И честью свидетельствую, что не вследствие моих слов, а вследствие того великого и чистого духа, каким была пропитана вся армия — от генералов до солдат, никаких обид, зол и утеснений не чинилось никому из мирных жителей Гатчины и окрестностей, без различия крови и веры.


P. S. В заключение — на десерт — еще кусочек из дневника М. С. Маргулиеса.

«Заходил Проппер — объявляет себя федералистом, вне федерации не видит спасения. Поздравил его с тем, что в России теперь два федералиста: он и я.

Проппер прибавил: и Г. Л. Кирдецов.

Значит, три».

Компания небольшая, но почтенная. И все это всерьез, без улыбки, в стиле английского юмора.

А книгу прочтут многие, и многие с удовольствием. В ней пропасть зла, насмешек, анекдотов, сплетен. Это всегда сладко читателю.

Памятная книжка

Нам пришлось недавно на одном вечере встретиться с дамой-француженкой, прекрасно одетой с тем утонченным вкусом, когда простота и изящество костюма как бы совсем затушевывают его дорогую роскошь.

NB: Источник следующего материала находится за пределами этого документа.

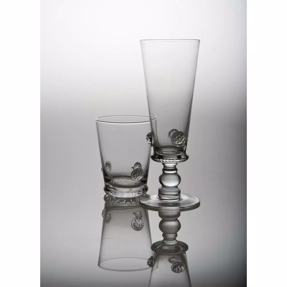 This is a wonderful footed pilsner glass with an interesting traditional motif. It adds a special appeal to a casual dinner. This glass is dishwasher safe.

На ней было прелестное платьице из белого матового крепдешина, расшитое вдоль выреза декольте и по подолу сложным и необычайно тонким рисунком гладью из блестящего шелка и серебра. Мило улыбнувшись на наш комплимент, дама заметила: «Вряд ли из тысячи мужчин один поймет всю красоту этой глади. А по трудности с ней можно сравнить лишь те старинные кружева, которые так поражают и восхищают женские сердца и глаза в музее Клюни, в верхнем этаже. Над такой работой можно ослепнуть. И представьте себе: такие вышивки делаются руками ваших молодых соотечественниц, беженок. Модный Париж высоко ценит их работу. У нас так не делают больше».

На другой день мы навели некоторые справки, и вот что оказалось.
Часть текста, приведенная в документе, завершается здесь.